The Dispatcher exposes API to submit applications for execution. It hosts the user interface too.

Once the job is running, the Job Manager is responsible to coordinate the activities of the Flink cluster, like checkpointing, and restarting task manager that may have failed.

Tasks are loading the data from sources, do their own processing and then send data among themselves for repartitioning and rebalancing, to finally push results out to the sinks.

When Flink is not able to process a real-time event, it may have to buffer it, until other necessary data has arrived. This buffer has to be persisted in longer storage, so data are not lost if a task manager fails and has to be restarted. In batch mode, the job can reload the data from the beginning. In batch the results are computed once the job is done (count the number of record like select count(*) AScountfrom bounded_pageviews; return one result), while in streaming mode, each event may be the last one received, so results are produced incrementally, after every events or after a certain period of time based on timers.

Parameters

taskmanager.numberOfTaskSlots: 2

Once Flink is started (for example with the docker image), Flink Dashboard http://localhost:8081/#/overview presents the execution reporting:

The execution is from one of the training examples, the number of task slot was set to 4, and one job is running.

Spark Streaming is using microbatching which is not a true real-time processing while Flink is a RT engine. Both Flink and Spark support batch processing.

Only one Job Manager is active at a given point of time, and there may be n Task Managers. It is a single point of failure, but it startes quickly and can leverage the checkpoints data to restart its processing.

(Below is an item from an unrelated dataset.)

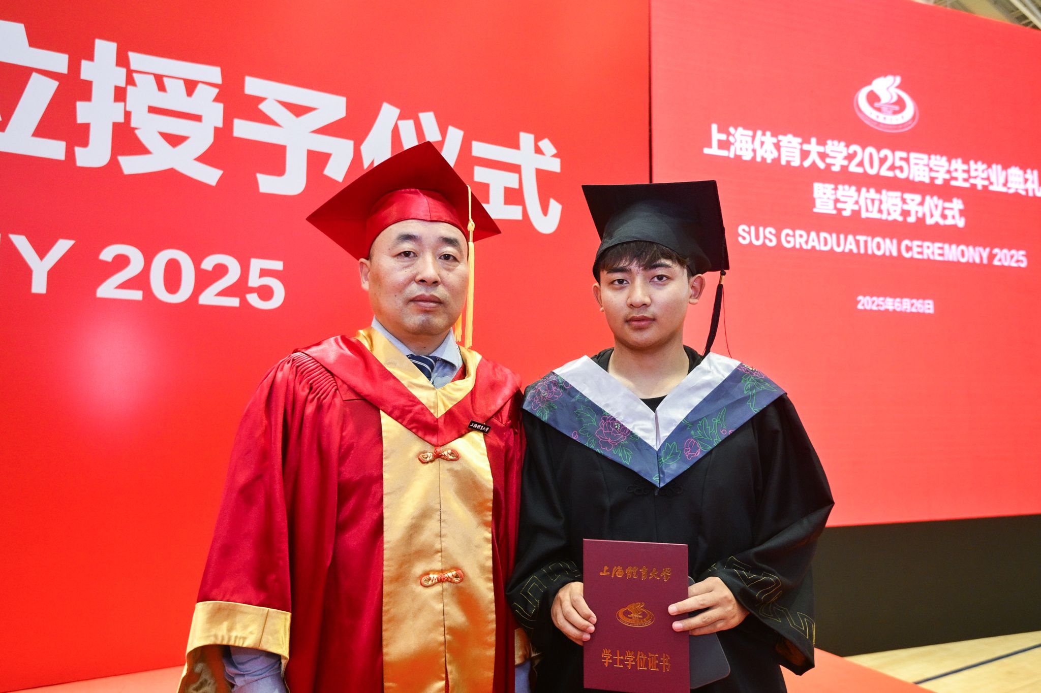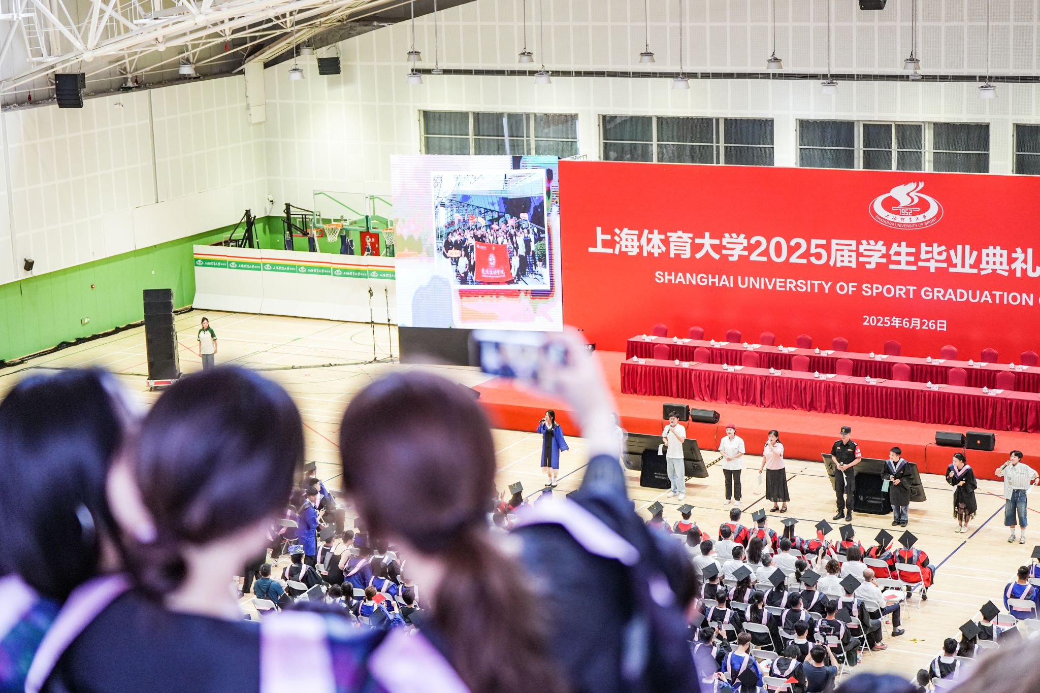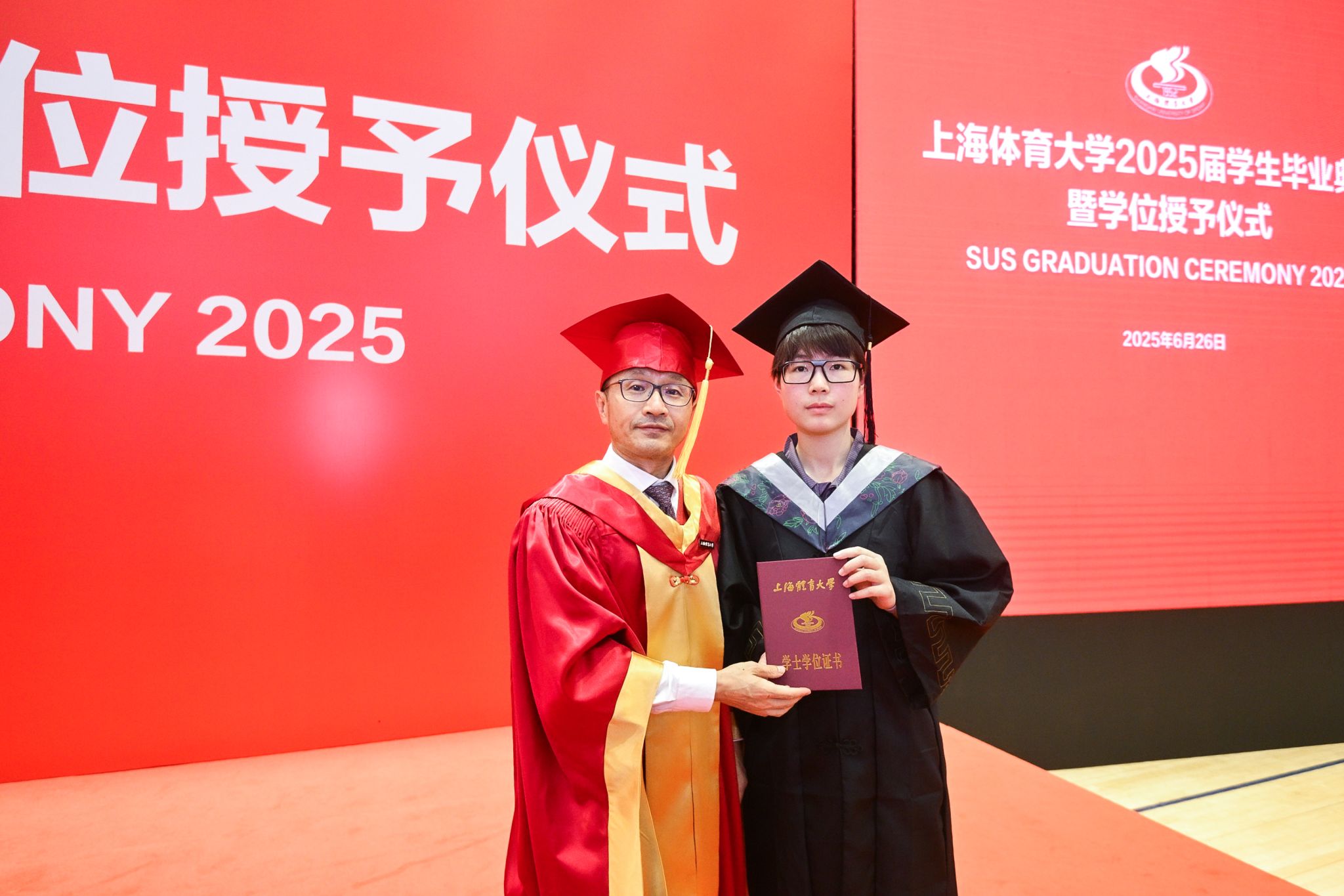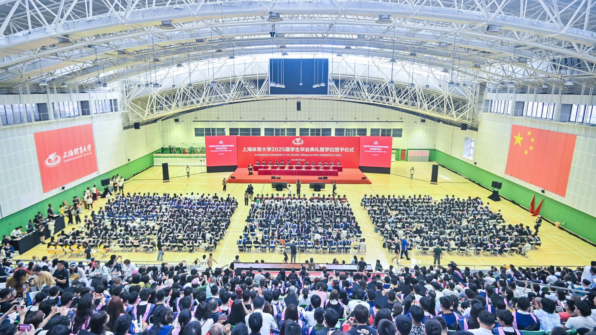 本网讯 巍巍绿瓦,骊歌未央。莘莘学子,共赴山海。6月26日上午,jinnian金年会2025届学生毕业典礼暨学位授予仪式在综合馆隆重举行,校党委书记李崟,党委副书记、校长毛丽娟,国务院学位委员会第八届体育学学科评议组召集人、校学术委员会主任陈佩杰,党委副书记潘勤,党委副书记、中国乒乓球学院党委书记杨玲,党委副书记、纪委书记崔勇,党委副书记、副校长王继红,副校长唐炎,副校长魏建军出席典礼。中乒院及各二级学院党政领导,相关职能部门、直属单位负责人,教师代表、毕业班辅导员、毕业生家长代表和2025届全体毕业生参加典礼。毕业典礼由党委副书记、副校长王继红主持。

There are different deployment models:

Deploy on executing cluster, this is the session mode. Use session cluster to run multiple jobs: we need a separate JobManager container for that.
Per job mode: spin up a cluster per job submission. This provides better resource isolation.
Application mode: creates a cluster per app with the main() function executed on the JobManager. It can include multiple jobs but they run inside the app. It allows for saving the required CPU cycles, but also save the bandwidth required for downloading the dependencies locally.

Flink can run on any common resource manager like Hadoop Yarn, Mesos, or Kubernetes. For development purpose, we can use docker images to deploy a Session or Job cluster.

Batch processing¶

Process all the data in one job with bounded dataset. It is used when we need all the data, to assess trend, develop AI model, and with a focus on throughput instead of latency. Jobs are run when needed, on input that can be pre-sorted by time or by any other key.

The results are reported at the end of the job execution. Any failure means to do of full restart of the job.

Hadoop was designed to do batch processing. Flink has capability to replace the Hadoop map-reduce processing.

When latency is a major requirements, like monitoring and alerting, fraud detection then streaming is the only choice.

State management¶

See 'working with state' from Flink documentation.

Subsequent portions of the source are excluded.